DAVA BUGÜN GÖRÜLECEK
Savcı Tarık Dinmez, hazırladığı iddianamede, bilirkişilerde saptanan iki ismin yanı sıra TDS’de görevli üç ismi daha suçlu görerek, beş kişiye dava açtı. İddianamede, tabelanın daha önce ustabaşı Emin Telbisoğlu tarafından monte edildiği, monte edilirken iskele kurulduğu, fakat tamir için işçilere alüminyum merdiven verildiğini, iki işçinin de bu merdivenle çalışmaya mecbur bırakıldığını savundu. İddianamede, beş sanık için Türk Ceza Kanunu’nun 85. maddesine göre ‘taksirle ölüme sebebiyet vermek’ suçundan üç yıldan altı yıla kadar hapis cezası istendi. Davanın ilk duruşması, bugün Bakırköy 3. Ağır Ceza Mahkemesi’nde görülüyor.

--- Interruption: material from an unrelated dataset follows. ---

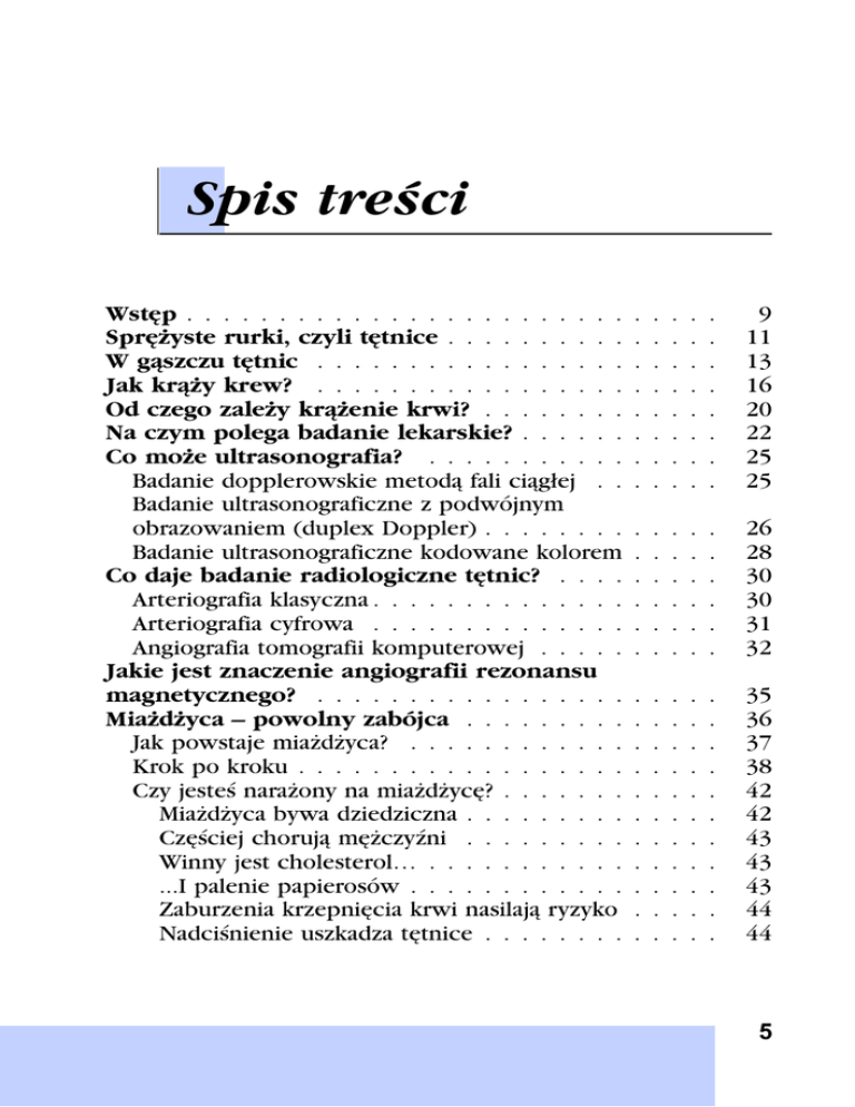 Spis treści Wstęp . . . . . . . . . . . . . . . . . . . . . . . . Sprężyste rurki, czyli tętnice . . . . . . . . . . W gąszczu tętnic . . . . . . . . . . . . . . . . . Jak krąży krew? . . . . . . . . . . . . . . . . . Od czego zależy krążenie krwi? . . . . . . . . Na czym polega badanie lekarskie? . . . . . . Co może ultrasonografia? . . . . . . . . . . . Badanie dopplerowskie metodą fali ciągłej . . Badanie ultrasonograficzne z podwójnym obrazowaniem (duplex Doppler) . . . . . . . . Badanie ultrasonograficzne kodowane kolorem Co daje badanie radiologiczne tętnic? . . . . Arteriografia klasyczna . . . . . . . . . . . . . . Arteriografia cyfrowa . . . . . . . . . . . . . . Angiografia tomografii komputerowej . . . . . Jakie jest znaczenie angiografii rezonansu magnetycznego? . . . . . . . . . . . . . . . . . Miażdżyca – powolny zabójca . . . . . . . . . Jak powstaje miażdżyca? . . . . . . . . . . . . Krok po kroku . . . . . . . . . . . . . . . . . . Czy jesteś narażony na miażdżycę? . . . . . . . Miażdżyca bywa dziedziczna . . . . . . . . . Częściej chorują mężczyźni . . . . . . . . . Winny jest cholesterol… . . . . . . . . . . . ...I palenie papierosów . . . . . . . . . . . . Zaburzenia krzepnięcia krwi nasilają ryzyko Nadciśnienie uszkadza tętnice . . . . . . . . . . . . . . . . . . . . . . . . . . . . . . . . . . . . . . . . . . . . . . . . 9 11 13 16 20 22 25 25 . . . . . . . . . . . . . . . . . . . . . . . . . . . . . . 26 28 30 30 31 32 . . . . . . . . . . . . . . . . . . . . . . . . . . . . . . . . . . . . . . . . . . . . . . . . . . . . . . . 35 36 37 38 42 42 43 43 43 44 44 Otyłość jest niebezpieczna . . . . . . . . . . . . Mała aktywność fizyczna dużo szkodzi . . . . . Jak uchronić się przed miażdżycą? . . . . . . . . . Pod okiem lekarza . . . . . . . . . . . . . . . . . Bez papierosa . . . . . . . . . . . . . . . . . . . Dieta czyni cuda . . . . . . . . . . . . . . . . . Waga pod kontrolą . . . . . . . . . . . . . . . . Więcej aktywności fizycznej . . . . . . . . . . . Dbaj o sen . . . . . . . . . . . . . . . . . . . . . Trzymaj się ciepło . . . . . . . . . . . . . . . . . Optymiści żyją dłużej . . . . . . . . . . . . . . . Cudów nie ma, czyli o leczeniu miażdżycy . . . . Ufaj tylko lekarzowi . . . . . . . . . . . . . . . . . Lekarstwa . . . . . . . . . . . . . . . . . . . . . . . Do wód! Leczenie w sanatorium . . . . . . . . . . Gdy inne choroby idą w parze . . . . . . . . . . . Gdy konieczna jest operacja . . . . . . . . . . . . . Decyzja o operacji . . . . . . . . . . . . . . . . Przygotowanie do operacji . . . . . . . . . . . . Rodzaje znieczulenia . . . . . . . . . . . . . . . Po operacji . . . . . . . . . . . . . . . . . . . . . Operacje tradycyjne . . . . . . . . . . . . . . . . Udrożnienie tętnicy . . . . . . . . . . . . . . Pomostowanie tętnic . . . . . . . . . . . . . . Wycięcie odcinka tętnicy . . . . . . . . . . . Operacja tętniaków . . . . . . . . . . . . . . Sympatektomia . . . . . . . . . . . . . . . . . Zamiast skalpela, czyli o przezskórnych zabiegach wewnątrznaczyniowych . . . . . . . . . . . . . . . Przygotowanie do zabiegu . . . . . . . . . . . . Zespół i sala zabiegowa . . . . . . . . . . . . . . Po zabiegu . . . . . . . . . . . . . . . . . . . . . Jakie są zabiegi wewnątrznaczyniowe? . . . . . Angioplastyka balonowa . . . . . . . . . . . . Stenty i stent-grafty – podpórki tętnic . . . . Zwężenia i niedrożności tętnic szyjnych . . . . . . Zespół podkradania tętnicy podobojczykowej . . . . . . . . . . . . . . . . . . . . . . . . . . . . . . . . . . . . . . . . . . . . . . . . . . . . . . . . . 44 45 45 46 46 47 52 54 57 57 58 58 59 60 64 65 66 66 67 67 68 69 70 71 73 75 76 . . . . . . . . . . . . . . . . . . 77 78 78 79 80 80 81 85 89 Zwężenia i niedrożności tętnic kręgowych . . . . . . Niedokrwienie jelit . . . . . . . . . . . . . . . . . . . Niedokrwienie nerek . . . . . . . . . . . . . . . . . . Przewlekłe niedokrwienie kończyn dolnych . . . . . Objawy . . . . . . . . . . . . . . . . . . . . . . . . Bladość i oziębienie stopy . . . . . . . . . . . . Chromanie przestankowe . . . . . . . . . . . . . Bóle spoczynkowe . . . . . . . . . . . . . . . . . Zmiany martwicze . . . . . . . . . . . . . . . . . Postacie miażdżycy tętnic kończyn dolnych. . . . . Stopnie zaawansowania niedokrwienia . . . . . . . Na czym polega leczenie? . . . . . . . . . . . . . . Więcej ruchu . . . . . . . . . . . . . . . . . . . . Trening na bieżni ruchomej . . . . . . . . . . . . Leczenie sanatoryjne . . . . . . . . . . . . . . . Jak dbać o nogi? . . . . . . . . . . . . . . . . . . Jak powinny odpoczywać nogi? . . . . . . . . . Kiedy wskazana jest operacja? . . . . . . . . . . Kiedy konieczna jest amputacja nogi? . . . . . . Leczenie chirurgiczne . . . . . . . . . . . . . . . Jakie są wyniki operacji tętnic kończyn dolnych? Miażdżycę i cukrzycę naprawdę da się leczyć! . . . Na dobrej stopie – stopa cukrzycowa . . . . . . Jak zapobiec powstaniu stopy cukrzycowej? . . Tętniaki . . . . . . . . . . . . . . . . . . . . . . . . . . Tętniak prawdziwy . . . . . . . . . . . . . . . . . . . Tętniak aorty wstępującej i aorty piersiowej . . . . Tętniak aorty brzusznej . . . . . . . . . . . . . . . Tętniaki innych tętnic . . . . . . . . . . . . . . . . Tętniak rzekomy . . . . . . . . . . . . . . . . . . . . . Tętniak rozwarstwiający aorty . . . . . . . . . . . . . Przetoki tętniczo-żylne . . . . . . . . . . . . . . . . . Wadliwe naczynia . . . . . . . . . . . . . . . . . . . . Choroba Buergera . . . . . . . . . . . . . . . . . . . . Choroba Takayashu . . . . . . . . . . . . . . . . . . . Nerwice naczyniowe . . . . . . . . . . . . . . . . . . . Choroba Raynauda . . . . . . . . . . . . . . . . . . . . . . . . . . . . . . . . . . . . . . . . . . . . . . . . . . . . . . . . 91 92 93 94 95 95 96 97 99 100 102 103 103 107 109 109 110 111 113 114 115 116 116 118 11

Adalet Arayan İşçi Aileleri tarafından yapılan açıklamada, yüksek gerilim hattı geçen arsada, inşaata izin veren Esenyurt Belediyesi’nin, beş metrelik mesafeyi tapuya şerh ettirmediği için TEİAŞ yetkililerinin, bu ihlale rağmen binaya hastane binasına ruhsat verdiği için İstanbul İl Sağlık Müdürlüğü’nün de sorumlu olduğunu açıkladı.